Jean Ziegler est parfois approximatif dans certaines de ses sources et naïf dans certaines de ses argumentations. Mais il a l'immense mérite de nous obliger à regarder au-dessus du sable dans lequel on nous enfonce nos têtes d'autruches médiatisées (à prendre comme ratiboisées et non comme diffusées). Il reste l'une des rares consciences morales, une des dernières figures "de gauche" du consternant parti socialiste. Une sorte d'abbé Pierre, en mieux, puisque politiquement plus correct et pas religieux. Il a le mérite de vous rappeler que, depuis que j'ai commencé à écrire cette note, plus de cent gosses, pour ne pas parler des adultes, sont morts de faim, ici ou là, et que personne n'en parle, bien que presque tout le monde le sache.

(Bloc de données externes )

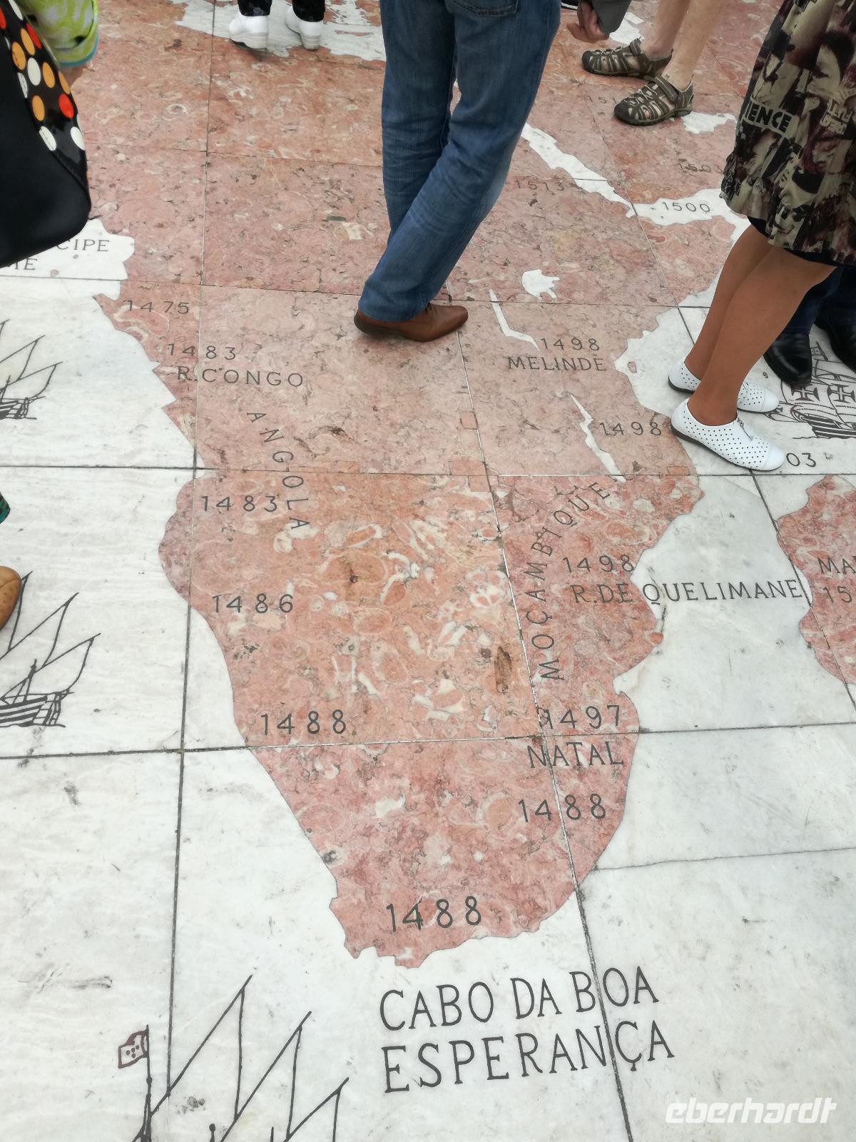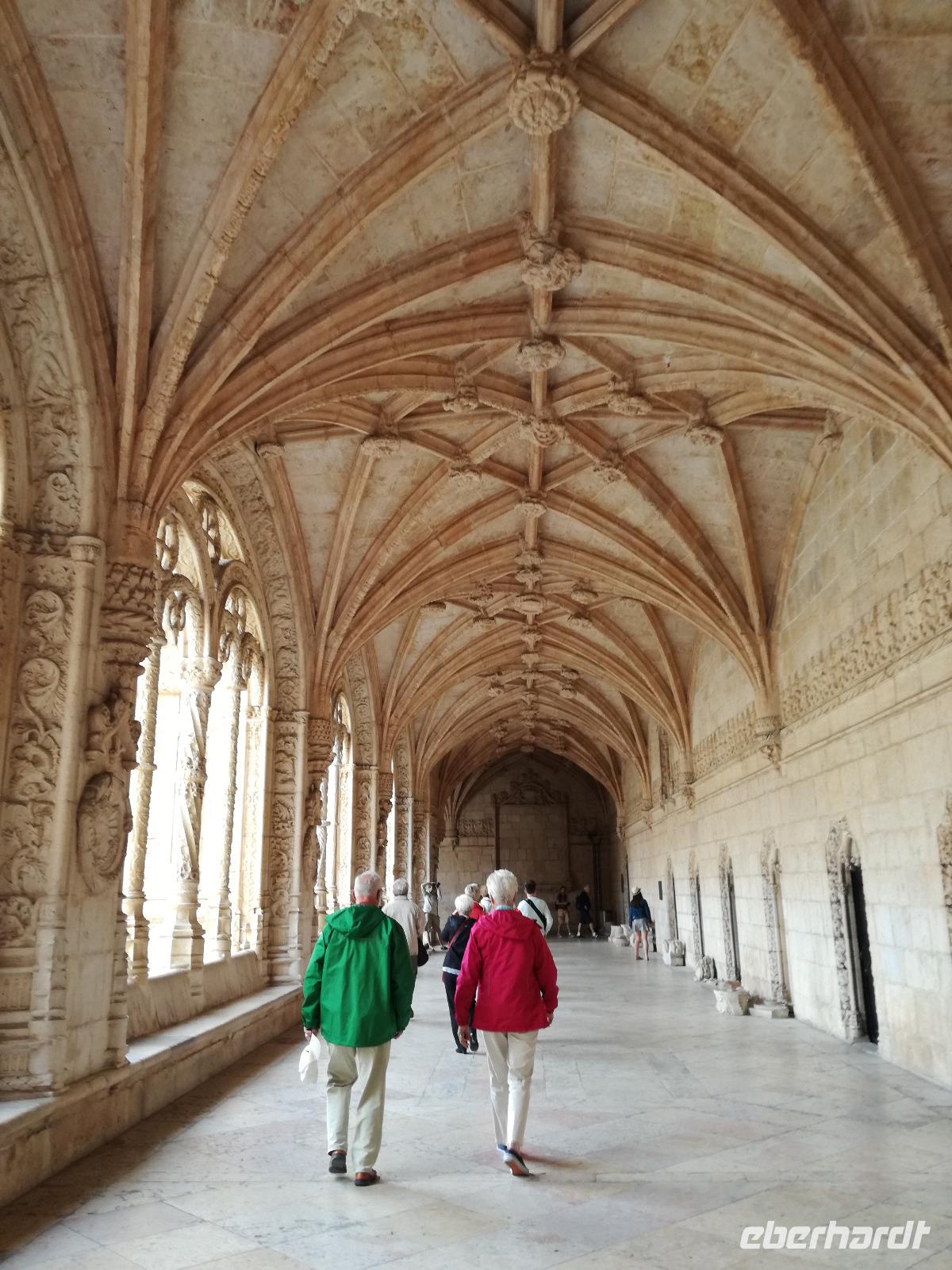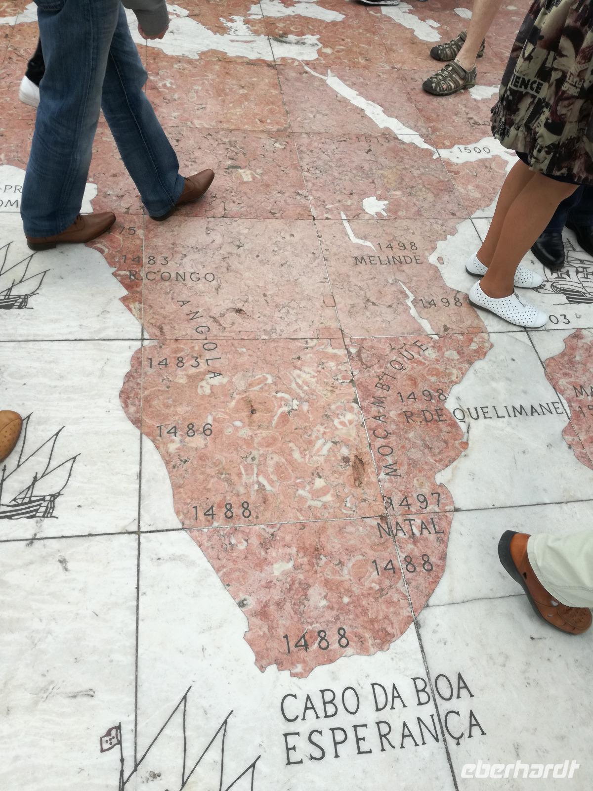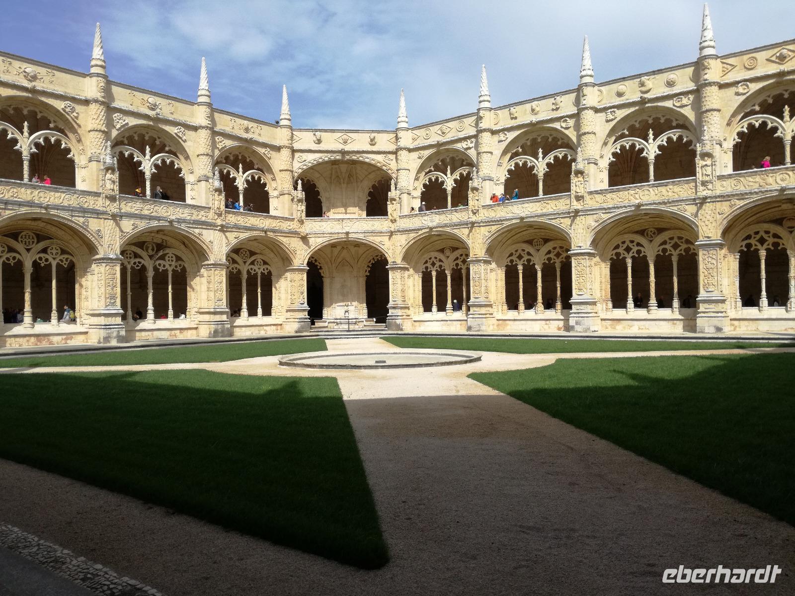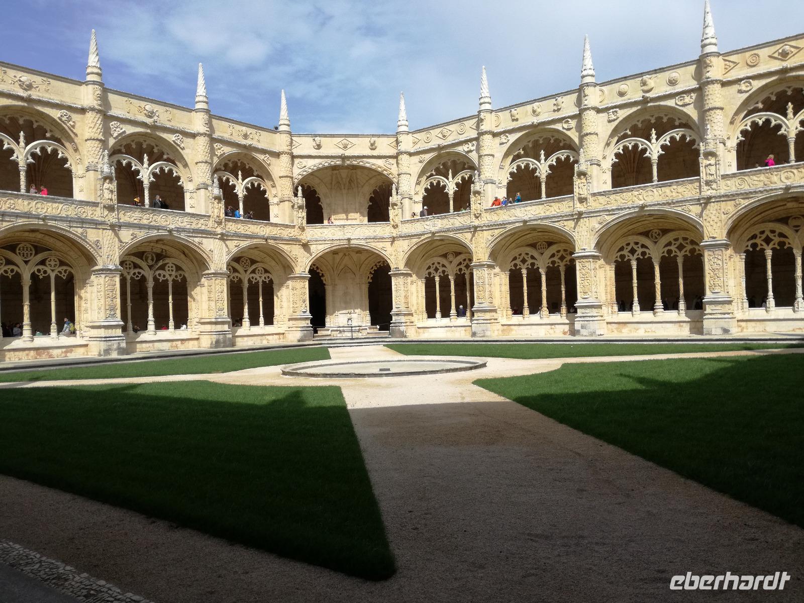 Der Stadtteil Belem liegt im Westen der Hauptstadt Lissabons und nicht nur wegen seiner leckeren Puddingtörtchen einen Besuch wert. Heute war der Tag der Seefahrerei. Zumindest was die Besichtigungen an diesem Tage angingen. Begonnen haben wir mit dem „Torre de Belem", dieses fungierte in der damaligen Zeit als Begüßung für die ankommenden Seefahrer. Die Besonderheit daran ist auch, dass es 1521 erbaut wurde und eins der wenigen überlebenden Bauten nach dem schweren Erdbeben 1755 war. Eine weitere Sehenswürdigkeit die wir besichtigten war das „Padrão dos Descobrimentos". Das Entdeckerdenkmal zeigt 32 wichtige Persönlichkeiten der Seefahrerei inklusive Heinrich der Seefahrer, der an der Spitze zu sehen ist. Am Fuße des Denkmals ist eine Weltkarte zu sehen, die die Entdeckungsreisen der Portugiesen dokumentiert. Wir gingen auch weiter auf Entdeckungsreise und spazierten durch den Fußgängertunnel Richtung Hieronymus Kloster. Das Kloster zählt neben dem „Torre de Belem" zu einem der unzerstörbaren Bauten. In der Kirche liegt der Sarkophag Vasco da Gamas, zusätzlich gehört zu dem Gebäudekomplex noch ein toll verzierter Kreuzgang. Zum Abschluss dieses Ausfluges genehmigten wir uns die berühmten „Pasteis de Belem" in dem gleichnamigen Café. Nur hier dürfen die Puddingtörtchen so genannt werden. Der Nachmittag stand im Zeichen der individuellen Erkundungen der Stadt.

Les médias nous saoûlent avec Bettancourt, qui n'est même pas morte et dont le sort n'est, certes, ni juste ni enviable. Je n'ai rien contre cette grande bourgeoise, au demeurant plutôt sympathique, et je comprends la peine de ses enfants. Mais quand des clowns politico-médiatiques élus aussi "démocratiquement" que Berlusconi claquent mes milliards de world-contribuable pour ne pas ramener Bettancourt et racontent pourquoi avec des airs consternés dans les médias, j'aurais préféré qu'ils déploient l'armée, les médecins, les avions et les médias pour nourrir quelques milliers de gosses et essayer de leur construire un avenir.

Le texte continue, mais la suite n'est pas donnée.